For Team Nigeria, it also sends a message to younger throwers watching from home. The pathway is possible with the right build-up and the courage to summon a big one late. Championships favor the athlete who fights every round, and Enekwechi keeps modeling that ethos.
What the early exits mean for the wider team
Ese Brume’s and Prestina Ochonogor’s long jump outcomes, along with Rosemary Chukwuma’s early exit and the discus setbacks, highlight how ruthless qualifying can be. In the World Championships environment, a single misstep carries a cost, but it also tends to sharpen technical detail and mental approach for the next opportunity.

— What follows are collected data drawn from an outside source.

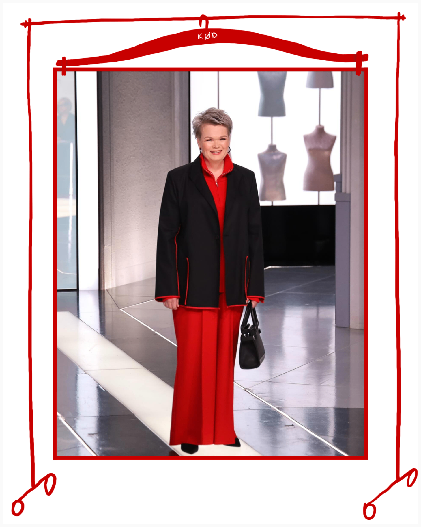 На героине выпуска Алене - Пиджак - холст "Полоска алая", принт которого был создан с помощью акварели и пастельных мелков. Ярко, сочно, свежо - для ослепительного летнего образа. На воротнике пиджака шеврон по индивидуальному эскизу, с ручной прорисовкой и вышивкой. Летний пиджак KОD из приятной, лёгкой, неприхотливой ткани.
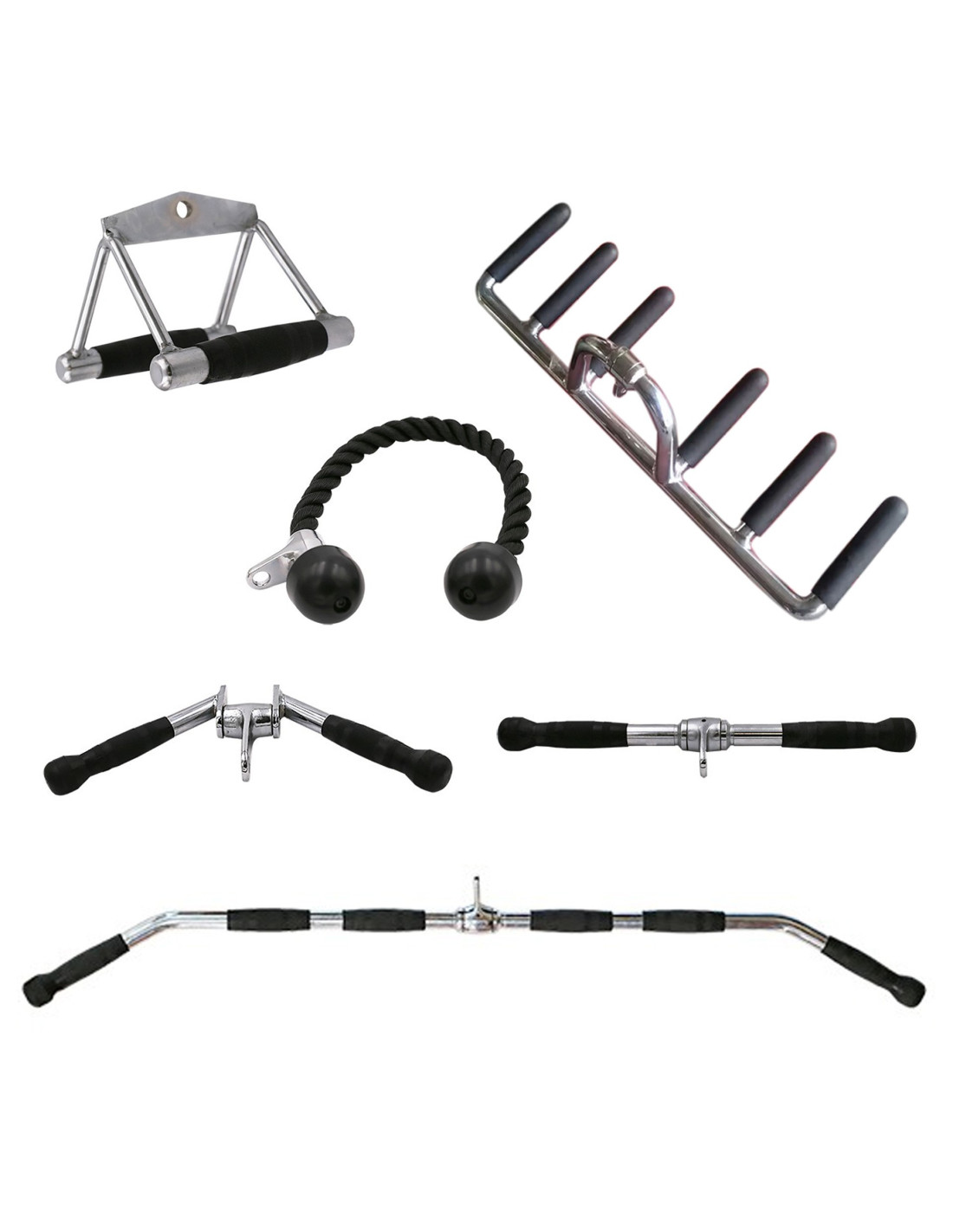 Ce kit regroupe les accessoires les plus utilisés en musculation pour les exercices de tirage et d’extension. Il permet une grande variété de mouvements : tirages dorsaux, extensions triceps, curls biceps, rowings, tirages horizontaux, travail en prise large, serrée ou neutre.
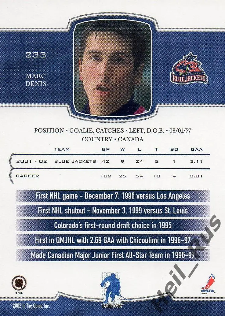 Хоккей. Карточка Marc Denis/Марк Дени (Columbus Blue Jackets/Коламбус) НХЛ/NHL
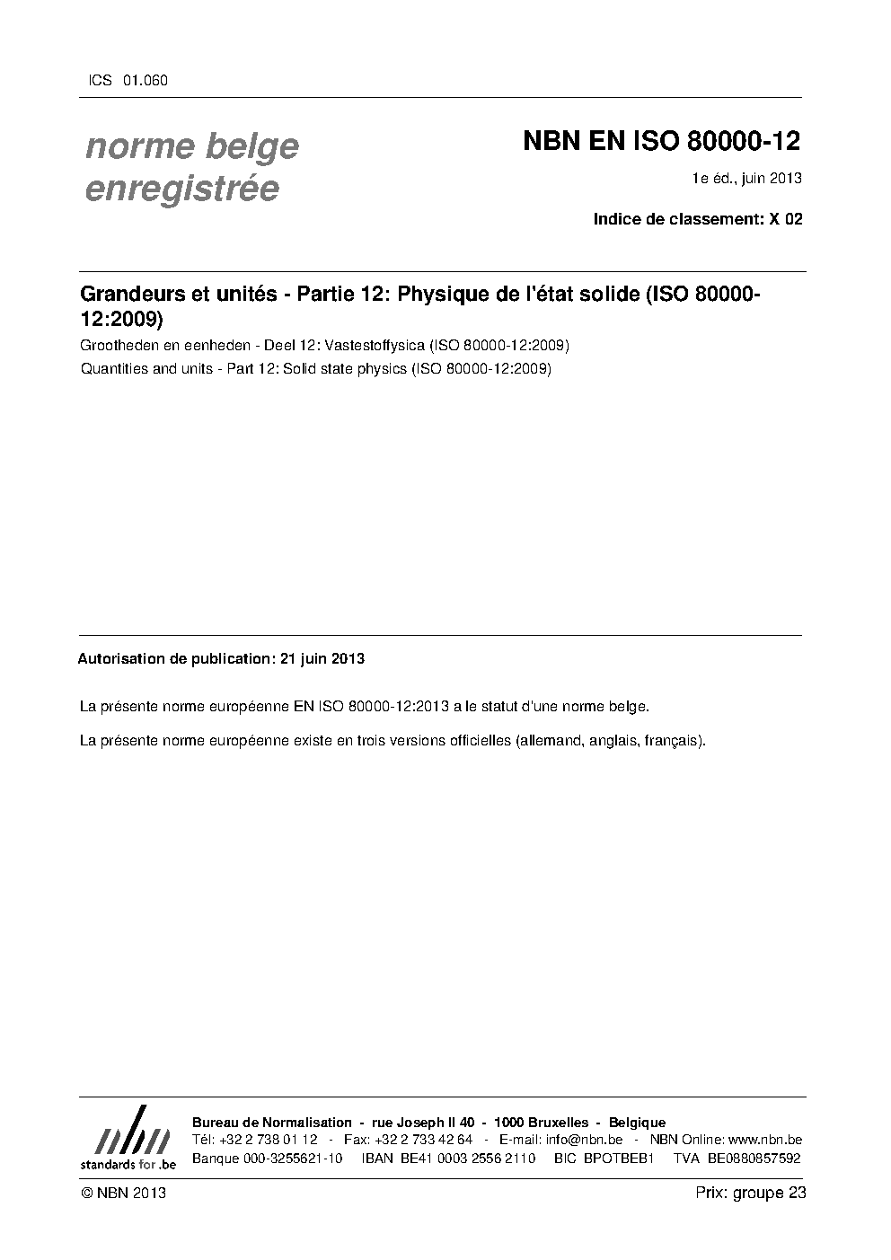 | Publisher | Bureau de Normalisation Belge (NBN) |

Veterans and newcomers alike will know that day one is not the final word on a team’s campaign. Momentum can flip within a session. With sprint semifinals ahead and hurdles into medal territory, Nigeria’s chances still breathe with purpose in Tokyo, a championship known to reward those who stay present to the moment.
How to watch in Nigeria
Broadcast listings pointed fans to SuperSport for live coverage across sessions. For those tracking specific events, the guide listed 1:00 am for Sade Olatoye in the women’s hammer, 3:05 am for Tobi Amusan’s hurdles heats, and 10:35 am for Samuel Ogazi in the men’s 400m. The men’s 100m semifinals were placed in the evening schedule via the start list, with Ajayi at 20:45 and Okon at 20:59, offering a primetime window for a possible Nigerian sprint breakthrough.
The bigger picture for Team Nigeria
There is a reason sprinting carries such magnetism in Nigerian sport. When Ajayi ran 9.88 and Okon won his heat, the reaction back home spoke to more than times. It touched pride, possibility, and the memory of eras when the men’s 100m felt like a party Nigerians were always invited to. The semifinals represent a chance to step closer to that feeling again, with a final as the next target.
For Amusan, the blueprint is familiar, but the hurdles are never easy. For Enekwechi, the throw was big, and the conviction is bigger. For Olatoye and Ogazi, the opportunity sits in the ring and in the blocks, with the belief that a composed first step can change an entire week. That is the beauty of a World Championships campaign, one good session can rewrite the tone.
Team Nigeria has already delivered moments that travel, from a 9.88 that elevated a nation’s sprint hopes to a heat win that signaled a world record holder is right where she needs to be. What follows in Tokyo will ask for poise, patience, and a little bit of magic, the same recipe that turns contenders into medalists and performances into memories.